Comparison of 12-yr (1999–2010) mean monthly simulated and observed diurnal cycles over Oklahoma Mesonet. Differences between Noah-simulated and observed soil temperature at (a) 0–10- and (b) 10–40-cm soil layers. We used 12-yr standard soil temperature measurements over 114–127 stations over Oklahoma Mesonet for this validation.

Citation: Journal of Applied Meteorology and Climatology 52, 2; 10.1175/JAMC-D-12-033.1

4. Summary and discussion

This investigation compared soil temperature simulations from the Noah LSM at several soil depths with observations from U.S. cooperative stations over the CONUS for annual and monthly time scales and at the Oklahoma Mesonet for daily and hourly time scales. The model captured the broad features of observed soil temperature variations for all three soil layers, in particular the daily, monthly, and annual anomalies associated with cold and warm events.
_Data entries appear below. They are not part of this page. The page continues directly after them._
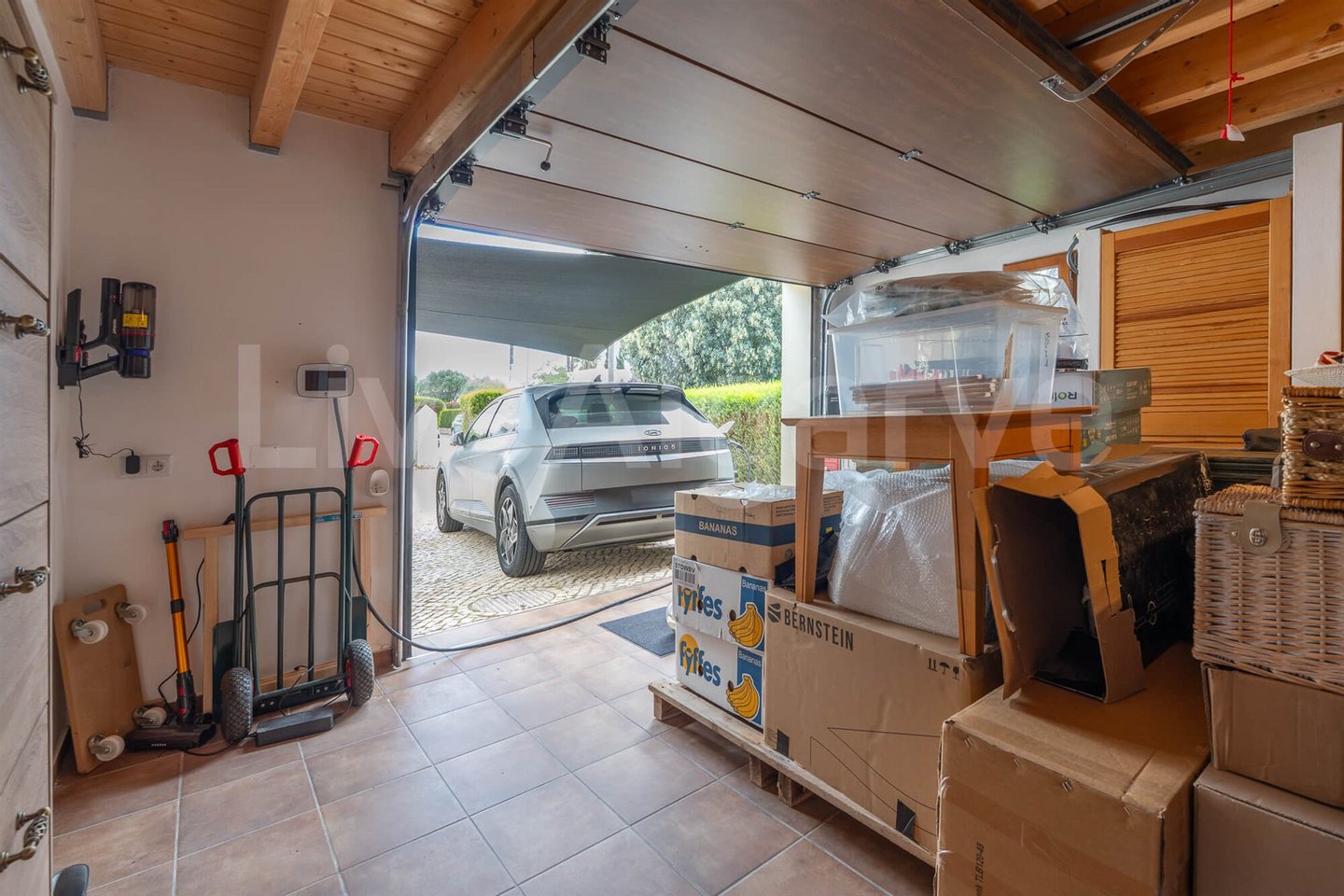 Die große Garage bietet integrierte Lagermöglichkeiten, einen Waschbereich und Vorinstallation für das Aufladen von Elektrofahrzeugen. Dachboden darüber erstreckt sich über die gesamte Garage und bietet zusätzlichen Stauraum.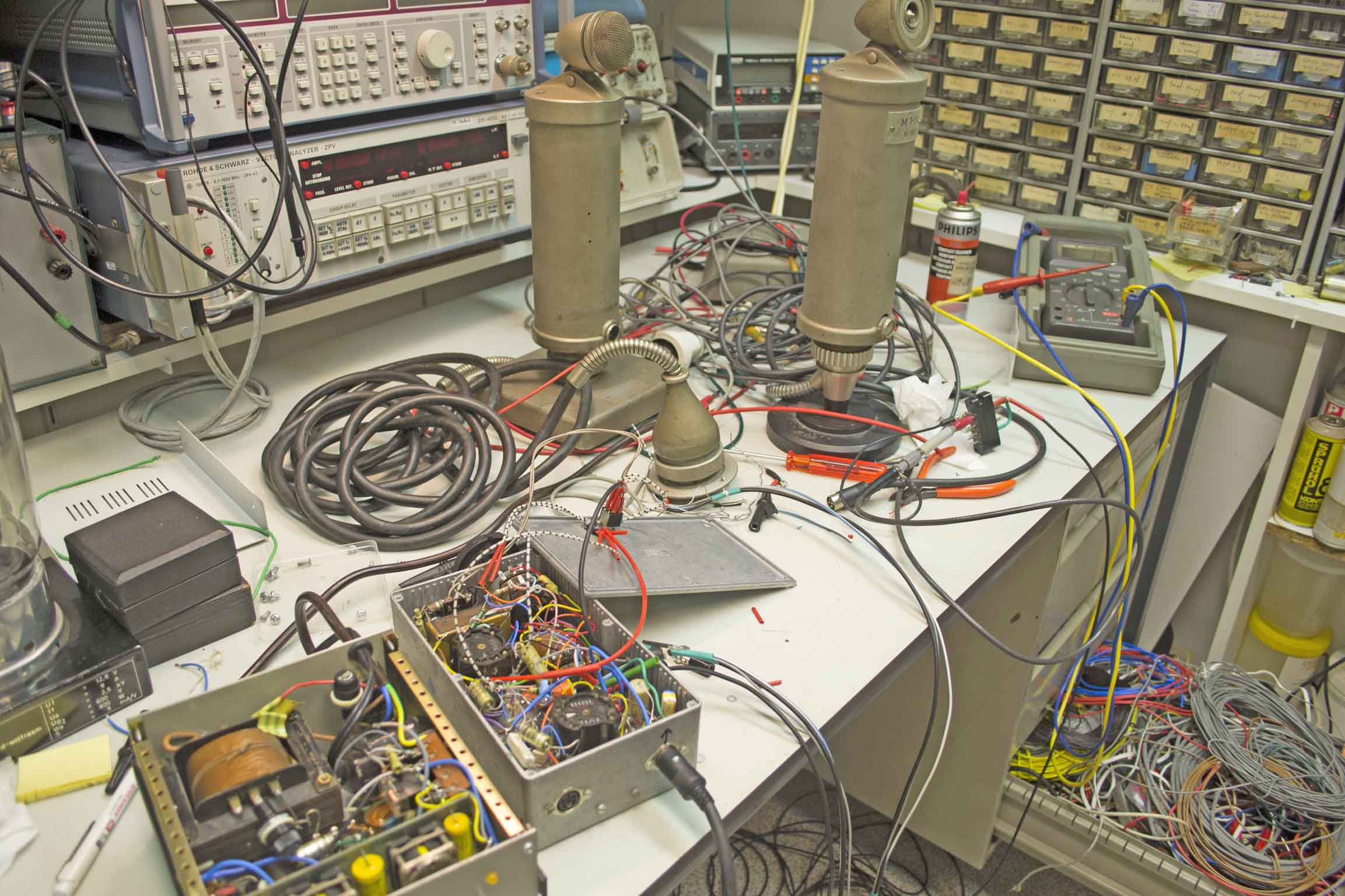 However, together with our Magnetophon T8 we got two Neumann early type microphones which were once 'modified' and the old RE084K valves being replaced by EF86 valves. For it also some supply changes had to be arranged.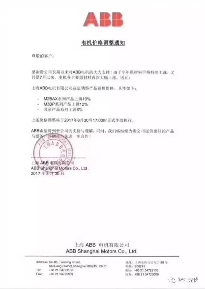 ABB電氣的調(diào)價(jià)公函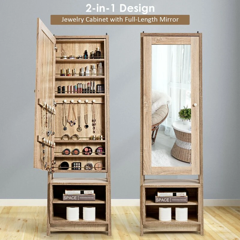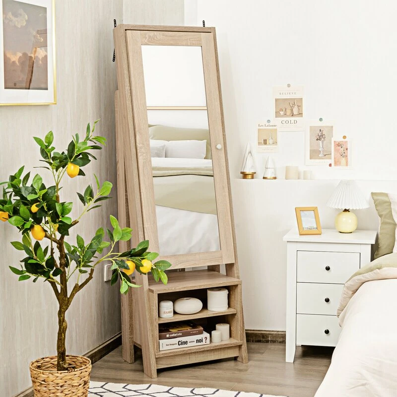 دولاب مجوهرات كويمورا مع مرآة سيضيف لمسة رائعة لأي غرفة! مصنوعة من الخشب الطبيعي عالي الجودة، توفر هذه الخزانة تصميمًا مرنًا وقويًا يدوم لفترة طويلة.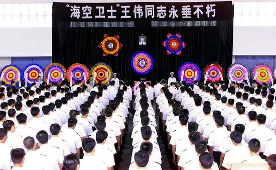 2001年4月26日,海南三亞,海軍舉行海上祭奠“海空衛(wèi)士”王偉烈士活動。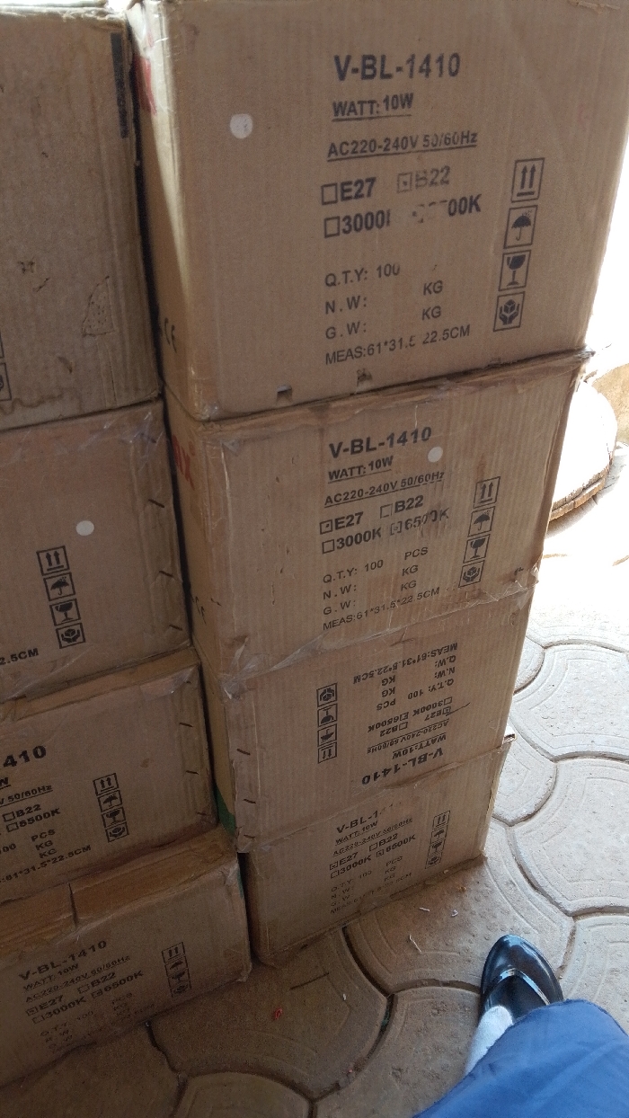 The scene in Shaba, Nigeria, shows a stack of cardboard boxes, likely containing electrical components or light bulbs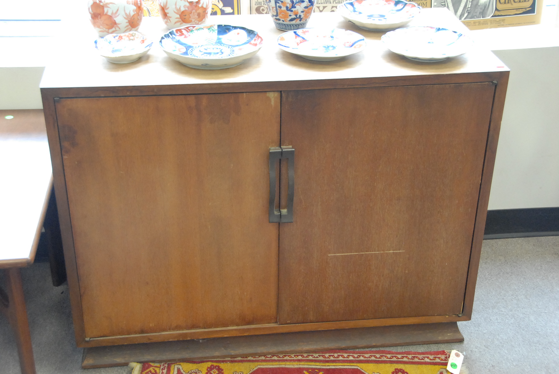 Pair of mid century two door credenzas, as is, marked Morgan masterpiece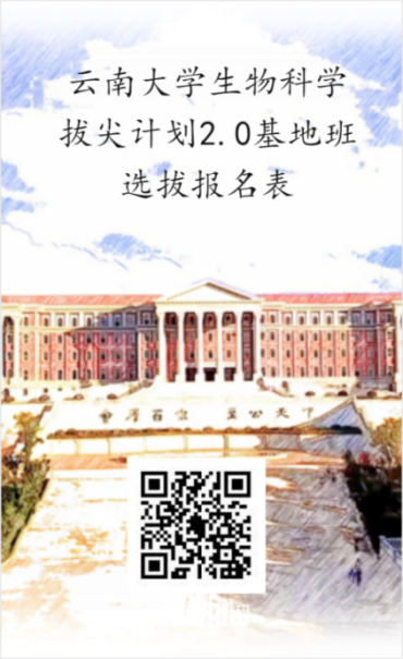 云南大学生物科学拔尖计划2.0基地班2022年选拔办法
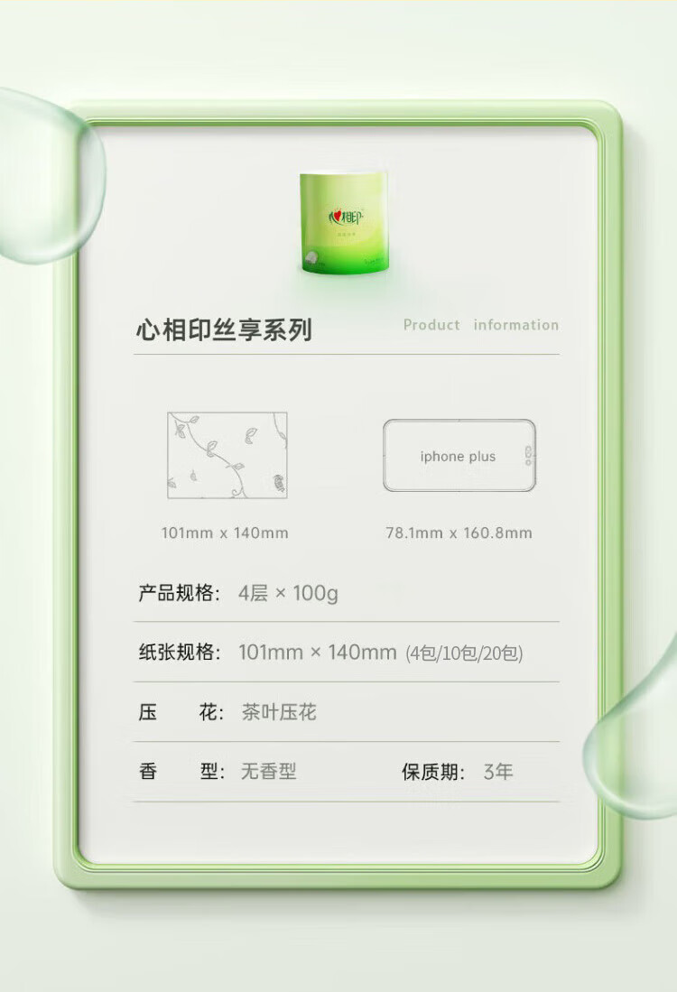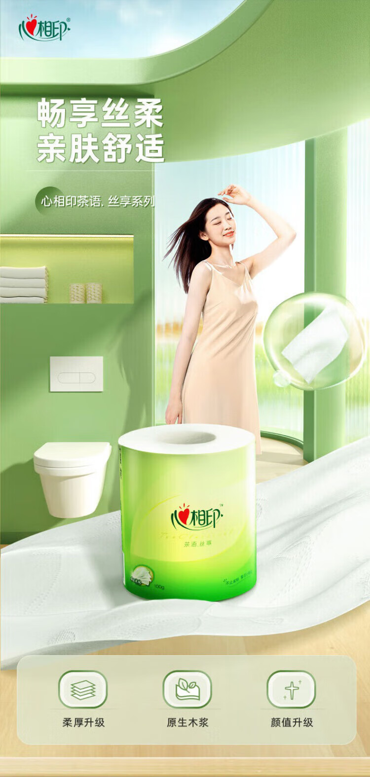 心相印卷纸茶语丝享100克20卷4层加厚 家用厕纸卫生纸 整箱(新旧交替)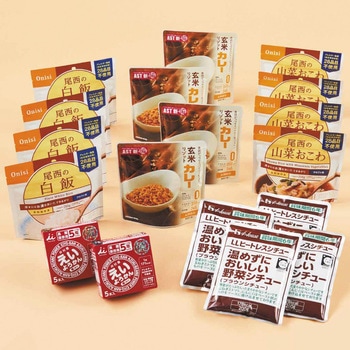 【セット1】災害用レトルト食品(やさしい中華ごはん200g)×4、新・備 玄米リゾットトマト×4、LLヒートレスカレー(温めずにおいしい野菜カレー200g)×4、アルファ米(白飯100g)×4、副食.ライスクッキー(8枚入)×4、【セット2】アルファ米(わかめごはん400g)×4、新・備 玄米リゾット和風×4、おいしい防災食(ホワイトシチュー250g)×4、アルファ米(白飯×100g)×4、副食.防災用ネオ玄米スナック(40g/4枚入)×4、【セット3】アルファ米(山菜おこわ100g)×4、新・備 玄米リゾットカレー×4、LLヒートレスカレー(温めずにおいしい野菜シチュー200g)×4、副食.えいようかん(1箱5本入)×2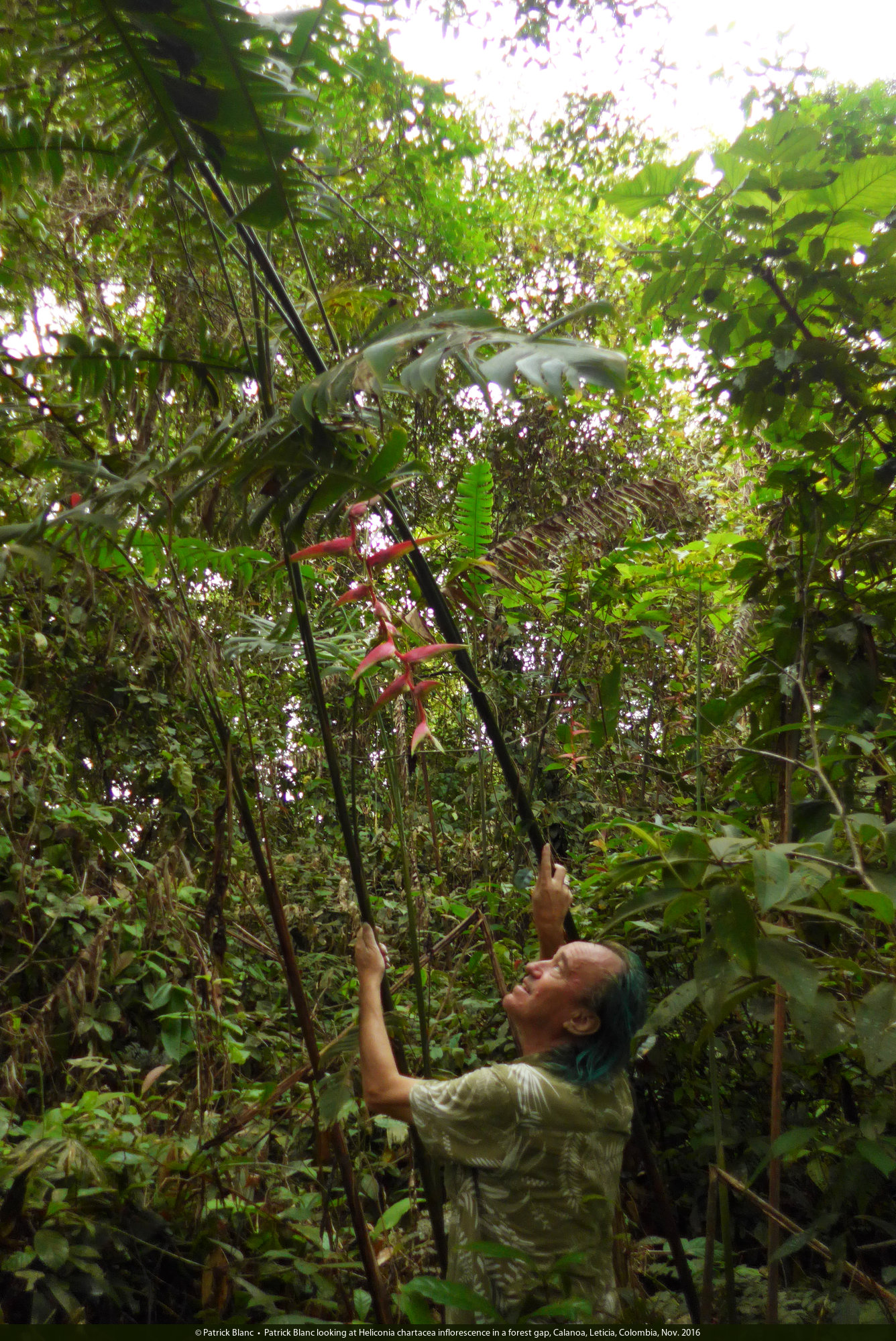 Patrick Blanc observing Heliconia hirsuta with zingiberoid leafy stems and bright red bracts, Calanoa, Leticia, Colombia, Nov. 2016

Noah skills in simulating soil temperatures varied with season, soil depth, and time scale. Noah had lower simulation skill (anomaly correlation) in summer and higher simulation skill in winter and fall for both monthly and daily time scales. As soil depths increased, simulation skills decreased. There were large negative biases in simulated soil temperature for all time scales and soil layers. The negative bias was 2.5–3.0 K for annual mean soil temperature and less than 5 K for daily and monthly mean soil temperature. These biases varied by season and soil layer. For all soil layers there was a smaller bias in fall and larger bias in summer for monthly mean soil temperature. For daily mean soil temperature in the top shallow layer, there were smaller errors in summer and early fall and larger errors in late fall and early winter. In the bottom two layers, small errors arose in late summer and fall and large errors arose in spring. In contrast to negative bias for monthly mean soil temperature, daily soil temperature analysis showed that small positive biases existed over the Oklahoma Mesonet in summer and fall for all soil layers. For hourly soil temperature, Noah LSM had large negative biases during nighttime from late fall to early spring.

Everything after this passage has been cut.